More than 700 builders, remodelers and associates marched on Capitol Hill on June 7 to call on Congress to take steps to ease the nation’s housing affordability crisis and make housing and homeownership a national priority.
What NAHB says
“From coast to coast, members of the housing community have come to Washington for the National Association of Home Builders (NAHB) 2023 Legislative Conference to deliver a simple message to lawmakers: ‘As housing goes, so goes the economy,’” says NAHB Chairman Alicia Huey, a custom home builder and developer from Birmingham, Alabama.
With a nationwide shortage of 1.5 million housing units, Huey notes that “building more homes is the only way to tame inflation, satisfy unmet demand, achieve a healthy supply-demand balance in the for-sale and rental markets, and ease the nation’s housing affordability crisis.”
What advocates asked of lawmakers
In more than 250 individual meetings with their representatives and senators, housing advocates urged lawmakers to act on the following three issues to help keep housing affordable and spur the production of attainable housing:
Transformers. A shortage of distribution transformers is delaying housing projects across the nation and the cost of transformers has soared by more than 70% over the past three years. NAHB is urging Congress to: 1) Utilize the Defense Production Act to boost output at existing facilities to address the growing supply chain crisis for distribution transformers, and 2) Oppose efforts by the Department of Energy to increase the energy conservation standards for the production of distribution transformers because it will severely exacerbate the current supply shortage.
Energy codes. NAHB is urging the Senate to introduce and advance legislation which includes the provision in House-passed bill H.R. 1 that would repeal $1 billion in grants provided to state and local governments to adopt updated energy codes that are more costly and restrictive. Forcing the adoption of more stringent energy codes to qualify for these grants will exacerbate the current housing affordability crisis and limit energy choices for consumers.
Workforce development funding. There is a shortage of more than 400,000 workers in the construction industry, and this is resulting in housing construction delays and higher home building costs.

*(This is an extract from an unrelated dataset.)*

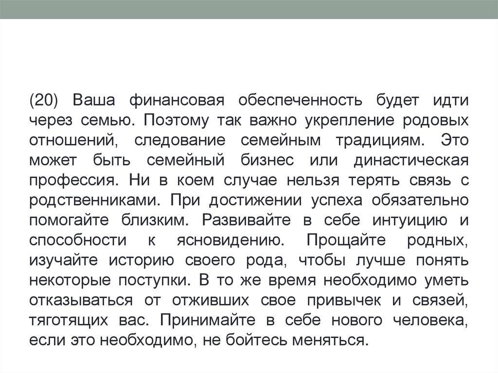 (20) Ваша финансовая обеспеченность будет идтичерез семью. Поэтому так важно укрепление родовых
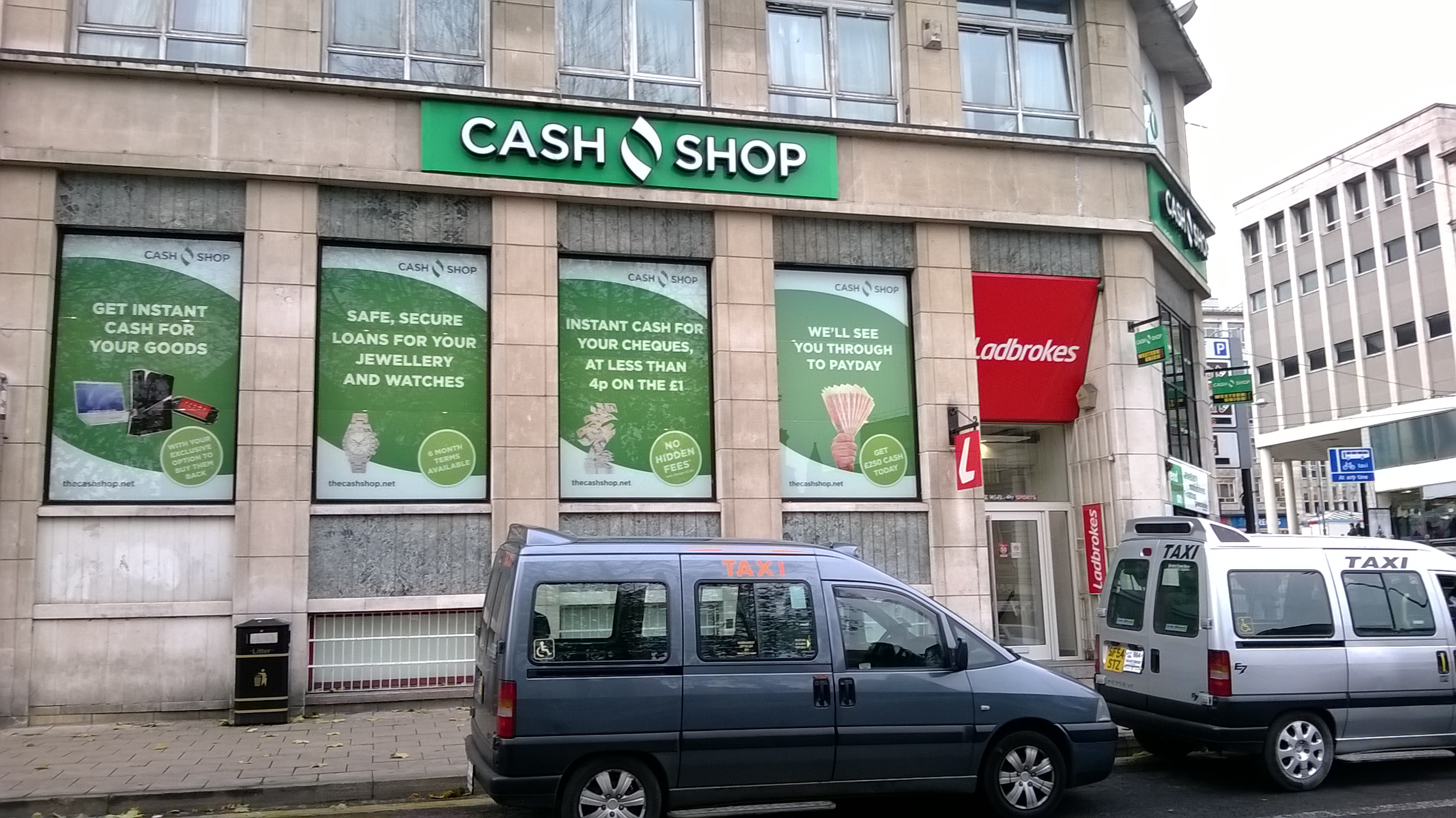 These images are taken across either side of a small square in Sheffield, England. The top image shows a small run of five shops; three bookmakers, another gambling establishment and a payday loan shop. The bottom image is taken across the road and a large payday loan shop has a bookmakers in the same building.

NAHB is urging Congress to reauthorize the Workplace Innovation and Opportunity Act to help meet the residential construction industry’s severe workforce needs and to fully fund the Job Corps program, which is a vital source of skilled labor for our industry.
Rep. Bruce Westerman (R-Ark.), chairman of the Committee on Natural Resources and the only forester in Congress, spoke to NAHB members before they met with their lawmakers and said that America needs to get its forests healthy and boost domestic production.
“We should be doing everything we can to build more mills out west,” says Westerman. “We are the world’s largest importer of wood.”
Westerman adds that “housing is super critical to our economy. It is fundamental to the health of our society.”